# Vermont MTB Festival...



## JD (May 19, 2009)

Epic trips to Vermont aren't just for winter.  Tons of great riding in Northern and central VT.   This is a great opportunity to come on up and get guided tours of some of the best riding on the East Coast.  If you only come to VT to ride the Kingdom trails, come check out the fest and see what the locals ride.  
http://www.vermontmountainbikefestival.com/


----------



## bvibert (May 24, 2009)

Sounds like a good time.  Are you going JD?


----------



## JD (May 24, 2009)

I live here.....Prolly be leading a Millstone ride and joining on on a Waterbury ride.


----------



## mlctvt (May 25, 2009)

My wife and i will be in Southern Vt next weekend for some seriously hilly road riding then on to the TourDe Kingdom organized road event for June 6 and 7th. 

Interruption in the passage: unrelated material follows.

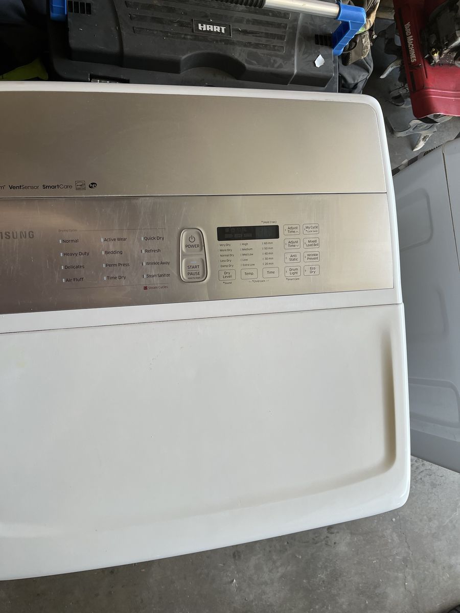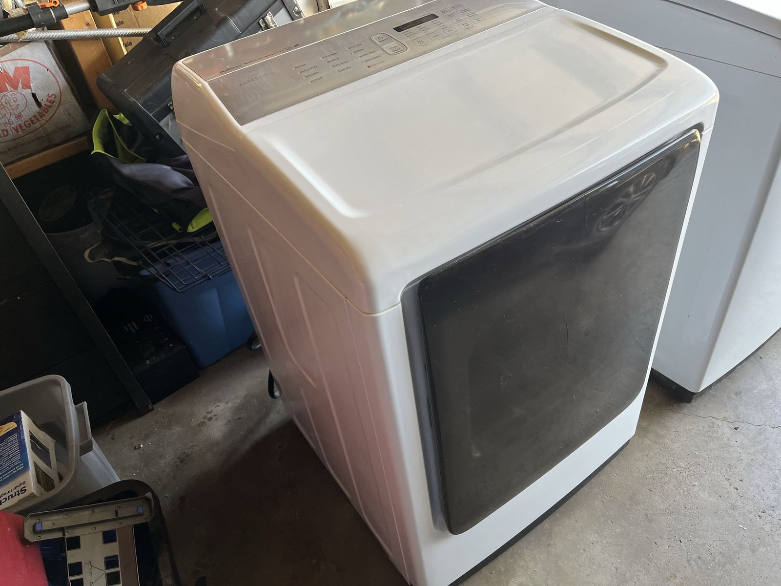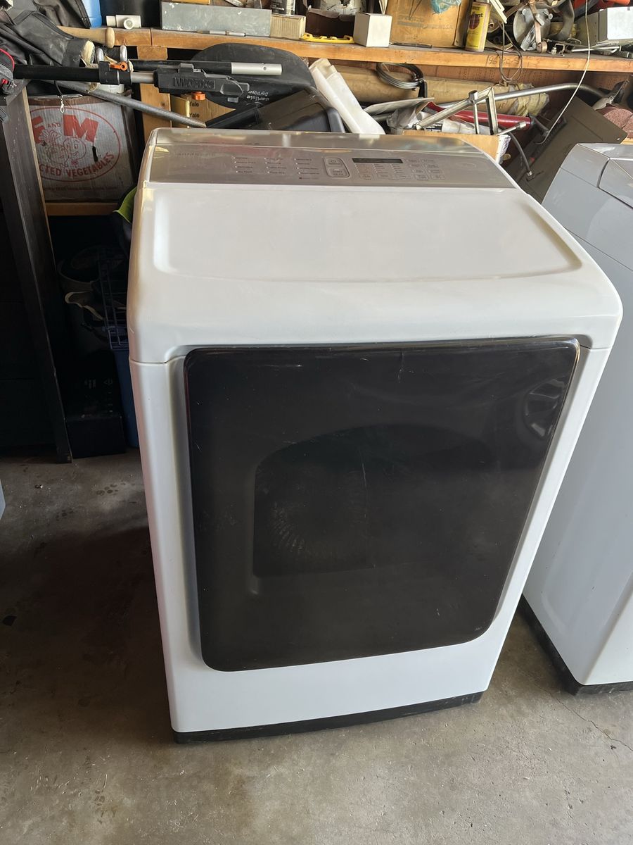 DryerThe Samsung DV50K8600EW is a 27-inch, 7.4 cu. ft. capacity front-load electric dryer featuring Multi-Steam technology for removing wrinkles and odors. This Energy Star-rated appliance includes 12 preset cycles, 11 options, sensor dry technology to optimize drying times, and a stainless steel drum with internal light.

http://www.tourdekingdom.org/

Sunday's 101 mile ride goes up Route 105 by Jay Peak. The last time I rode this route I did 55MPH on the descent going east. Since this is an organized ride I'll probably take it easy this time.


----------



## tjf67 (May 26, 2009)

I think I have a group together to come over.     Should be a good weekend.  As if any are not.


----------